Sorry Aydos if I have gone off topic :icon_offtopic:


----------



## Black Devil Dog (28/9/15)

aydos said:


> I no chill so that would not work for me.





xenon2000 said:


> why not just get a big funnel, sit a strainer on it with the cloth in it too and no probs, will go into the cube easily


Hopefully within the 3 years since he posted that he found a solution.


----------



## donald_trub (28/9/15)

Interesting that so many people have trouble with whirlpooling in the Crown. I have a 40L concealed element and have no trouble whirlpooling. After using the immersion chiller I take it out and use a long plastic spoon to get it going. Have a good go at it and then leave it 15 minutes for it to finish whirpooling. When draining from the tap I get the smallest amount of trub but I don't let that bother me.

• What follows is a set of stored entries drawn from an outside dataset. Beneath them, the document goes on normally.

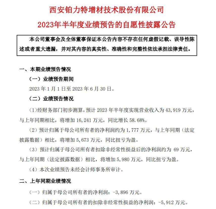 2023年7月30日,南极熊获悉,近日西安铂力特增材技术股份有限公司(以下简称“铂力特”)发布公告,披露了2023年上半年度的业绩预告。
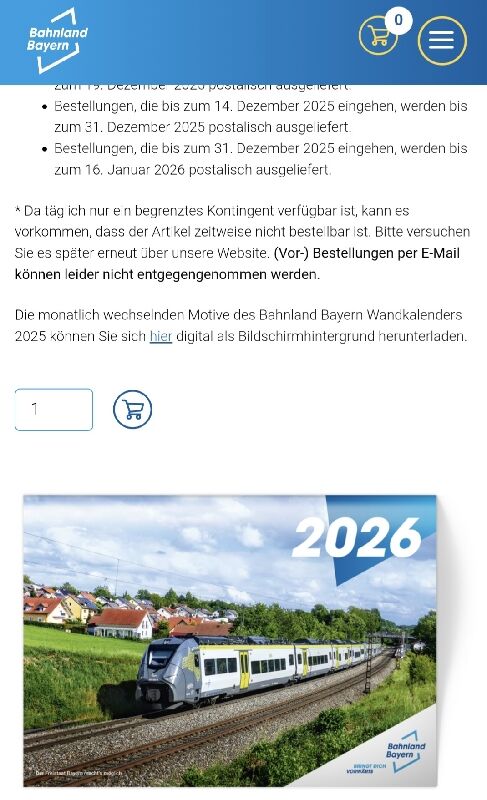 Auch dieses Jahr gibt es wieder den schönen Kalender von Bahnland Bayern. Man kann bis zu 2 Stück bestellen.Einfach runterscrollen bis zum Kalender und Anzahl eintragen.Wenn die Leiste für die Anzahl fehlt, einfach paar Std. soäter wieder versuchen. Bei mir war sie ca.10-13 Uhr zu sehen..Also vermutlich wird vormittags eine bestimmte Anzahl freigegeben.Schnell sein lohnt sich denn er ist schnell vergriffen jedes Jahr.
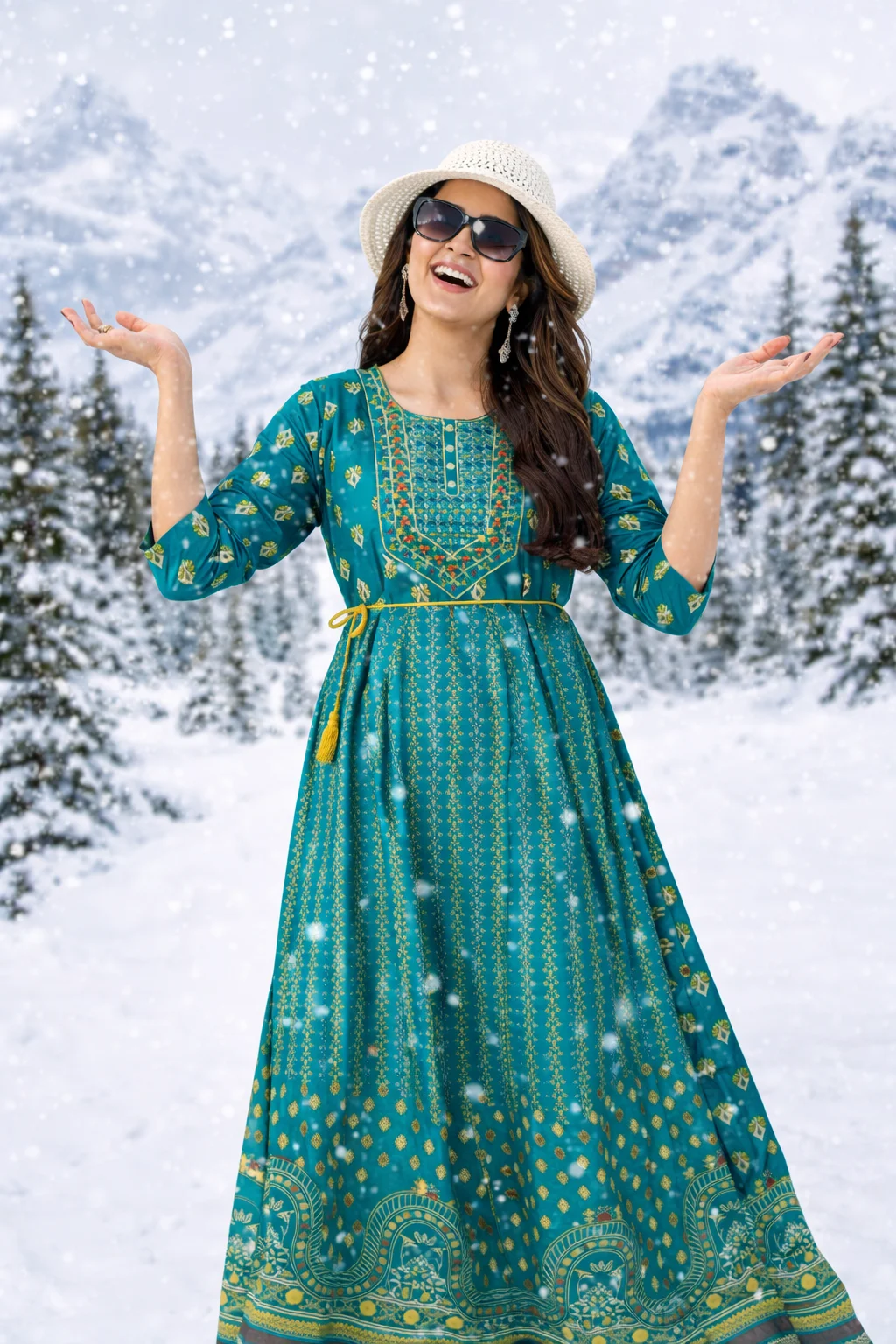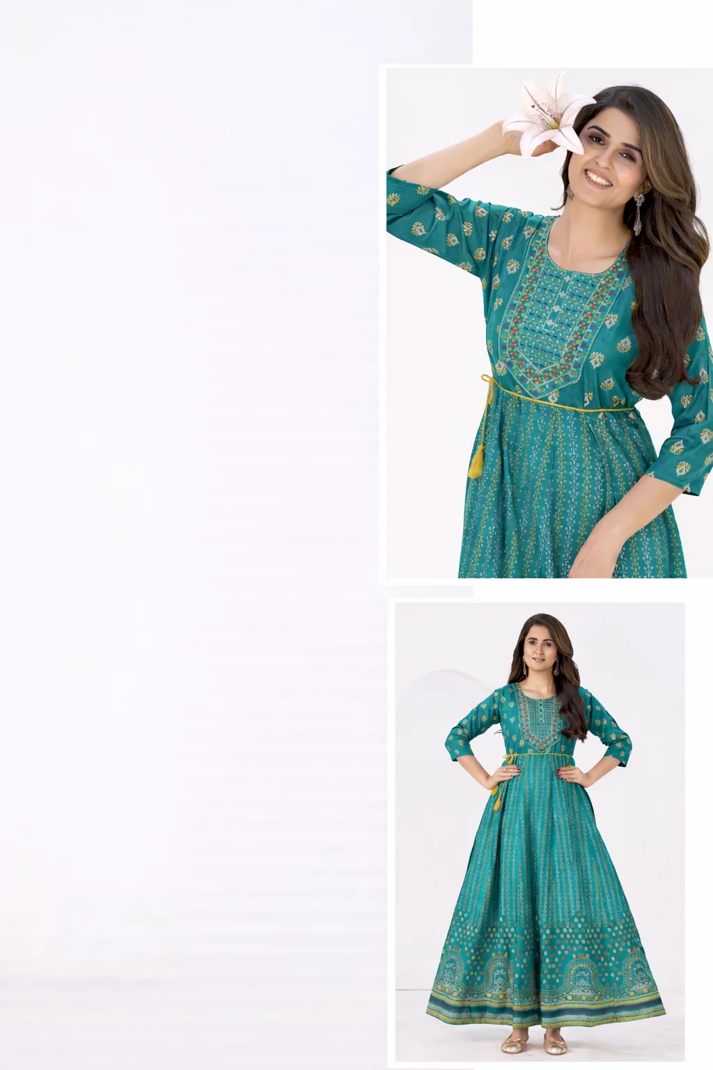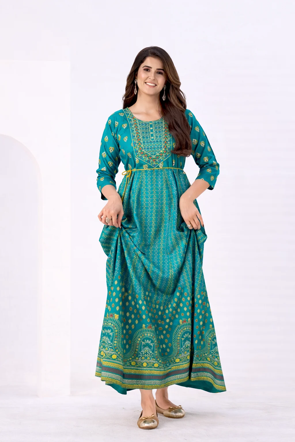 Rayon Anarkali Gown Classic Neck Embroidery with Belt – Cardamom Green

Hoppier beers end up with a bit more, but I'm sure I've read some blind tests done somewhere where they couldn't detect a flavour difference, it all settled out in the fermenter anyway.


----------



## Rocker1986 (28/9/15)

I have a Crown and have whirlpooled in it in the past, and had no trouble getting a nice cone in the middle.

However, I found that it was drawn into the tap much sooner than it is when I just let it all settle by itself without a whirlpool, so I haven't bothered with it for ages.


----------



## donald_trub (28/9/15)

How long does it take to settle naturally?


----------



## Rocker1986 (28/9/15)

I usually leave it for about 15-20 minutes. I also tilt the urn slightly backwards so it settles away from the tap more.


----------



## Aydos (29/9/15)

Wow what a necro thread. Well since then I have let it settle for about 30 mins after and I have had pretty good results with that. Still not much of a cone formation (mainly just the hops) but it's settling out pretty nicely now. I get barely any into the cube.


----------